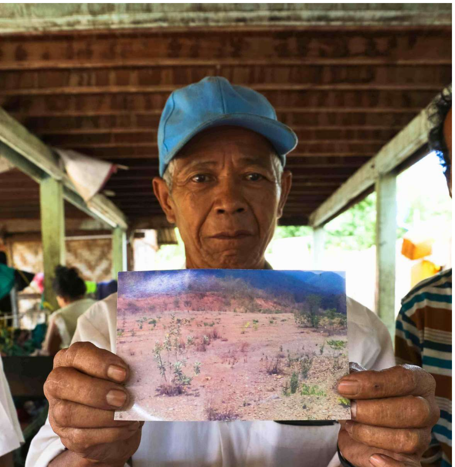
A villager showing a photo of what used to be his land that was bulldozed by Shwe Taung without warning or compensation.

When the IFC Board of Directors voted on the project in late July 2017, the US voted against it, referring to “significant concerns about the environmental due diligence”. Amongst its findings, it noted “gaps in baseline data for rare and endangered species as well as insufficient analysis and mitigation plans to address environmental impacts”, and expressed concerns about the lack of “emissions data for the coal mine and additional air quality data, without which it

...

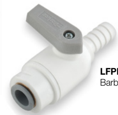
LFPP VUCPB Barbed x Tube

* * *

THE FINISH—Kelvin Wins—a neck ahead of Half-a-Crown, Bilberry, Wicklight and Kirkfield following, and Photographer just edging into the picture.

| Work required |
Using the entries above, give again exactly the lines from the line holding "A villager showing" through the line holding "When the IFC". Include both end lines and nothing else.

| Written solution |
A villager showing a photo of what used to be his land that was bulldozed by Shwe Taung without warning or compensation.

When the IFC Board of Directors voted on the project in late July 2017, the US voted against it, referring to “significant concerns about the environmental due diligence”. Amongst its findings, it noted “gaps in baseline data for rare and endangered species as well as insufficient analysis and mitigation plans to address environmental impacts”, and expressed concerns about the lack of “emissions data for the coal mine and additional air quality data, without which it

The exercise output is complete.